God has shown me so much, and it's only been a week for me here. But I can begin to see why God has put me here......I was once in a country where blessings seemed to be everywhere, but all of a sudden I was beginning to worship the blessing more than the Creator who gave me that blessing. These past two years of my life have been dark, and it goes all the way back to the summer of 2009. My walk with the Lord took a big nosedive because all of a sudden, God took something away from me that I once cherished. It felt like the entire world went numb to me, and I started crying to God saying why did you do this to me.......I know I was messing up, but I was going to change for You. Then all of a sudden, He spoke to me saying, I have been answering all of your Prayers Adam......but now I need you to mature in your faith and Believe that I WILL HELP YOU. It took until April 3rd, 2011 for me to understand what He said to me that summer. My first church service in Rwanda was incredible.....it wasn't like an American Anglican Service because the worship was like southern gospel music, and the service was more free spirited than I could imagine, but it was the sermon that had woken me up. The sermon was describing the passage from Mark 6:45-52, and it was talking about the night that Jesus had walked on water. Now I want you to imagine yourself as a disciple in the boat, Jesus has told you that He needs to pray so He wants you to go ahead and go to the other side of the lake on the boat......If I was a disciple, I would think He is completely crazy because it would take Him probably the a day and half to get there. Jesus needed time to pray to His father, but it was through this time, that the Lord was shown how immature there faith really was. While the disciples were crossing the sea, a huge storm had started, and all through the night the disciples were rowing in pain because of the rough sea and winds to go along with it.....they were beginning to lose hope. By 4 A.M. they had seen a ghost out on the water.....and after crying this out, Jesus looks at them and says...."Take Heart, It is I, do not be afraid."

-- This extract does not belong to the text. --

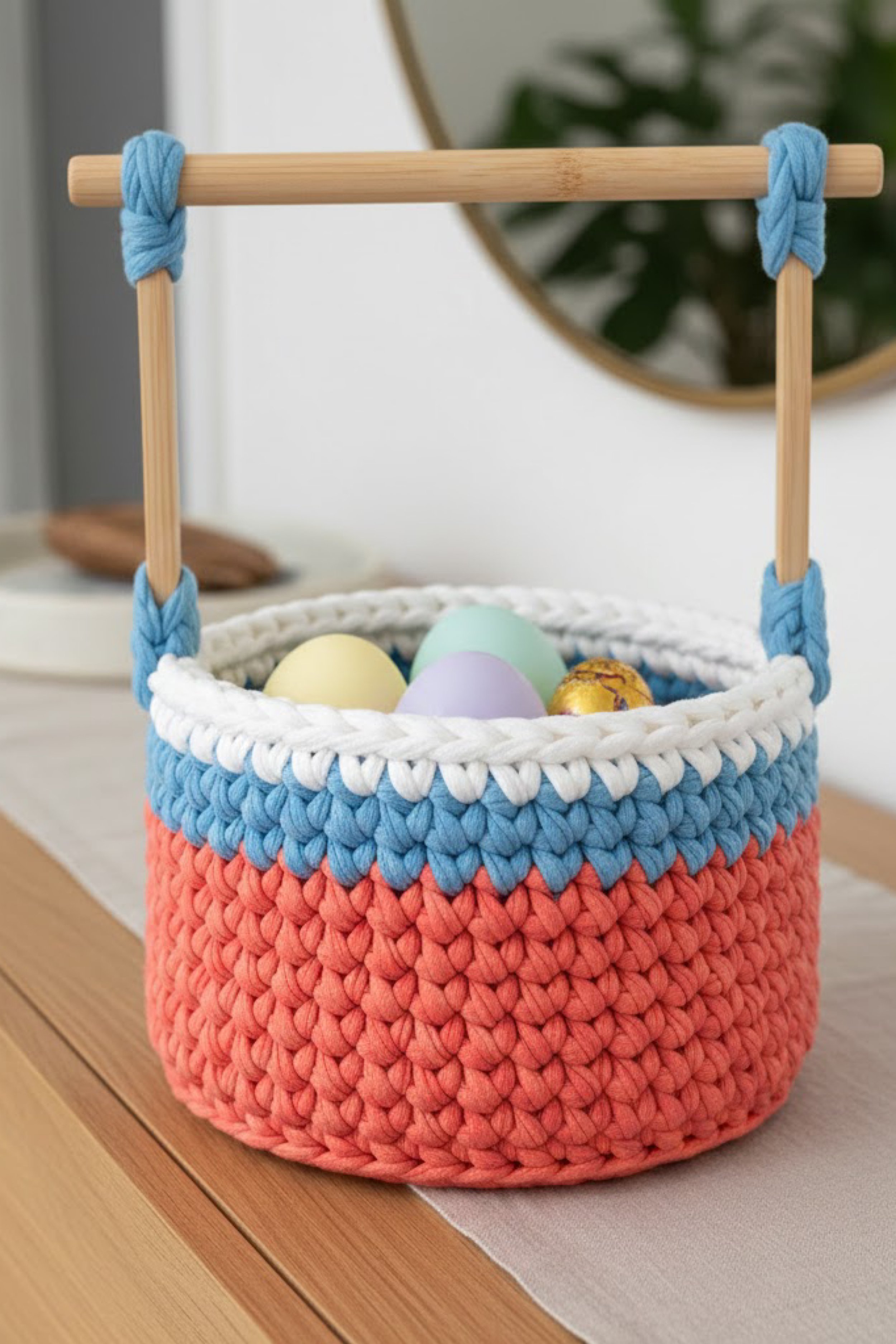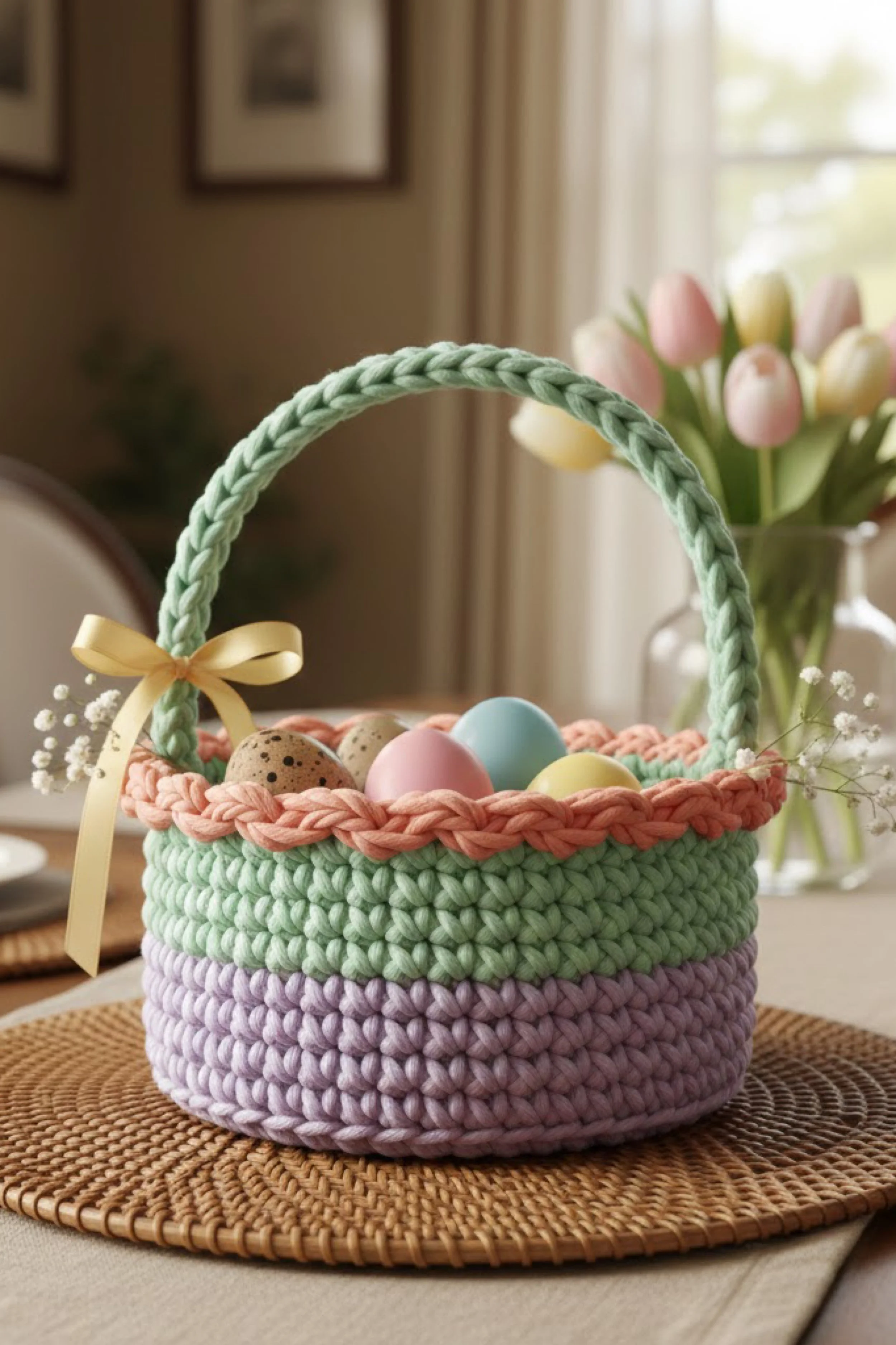 Weave in ends securely and trim close. Shape the basket by pressing the base flat and smoothing the walls. If the rim needs extra firmness, run a hidden strand of cord inside the top round and stitch over it like a core. For styling like the photo, fill with pastel eggs and keep the background clean and bright so the color blocks pop.

Now what you do learn is that Jesus "MEANT TO PASS BY THEM" and the point you see from this, is that God (Jesus) was trying to teach the disciples to be mature in their faith, even when hell itself is thrown on them. Sometimes in life, I know we feel that God isn't listening to us.....we feel cold, we feel like we're in total darkness, or worst of all we feel like God doesn't love us anymore. This is something that Satan has been using on me for two years now.....but after the service, God showed me that in order to be full to to the point of overflowing, I must mature you in your faith, which may mean you may not feel Him for a short or long time, but in the end, He will answer you in the most biggest way.

I have a blessed purpose now here in Kigali, and that is an opportunity to evangelize to the children in the Muslim community. David Mugisha, brother to Sam, and I are helping out with a local soccer team, which also means all the kids are pretty much Muslim. Our prayer request we ask is that God may guide us slowly with them, and that the Lord may show Himself to them by the love we give them. I love these kids so much, and the Lord has already established a connection with me to some of them. Pray that the harvest may be harvested, and if it's only one child, then it is still a victory. I love all of you, and thank you so much for being in my life. If you need prayer over anything just let me know.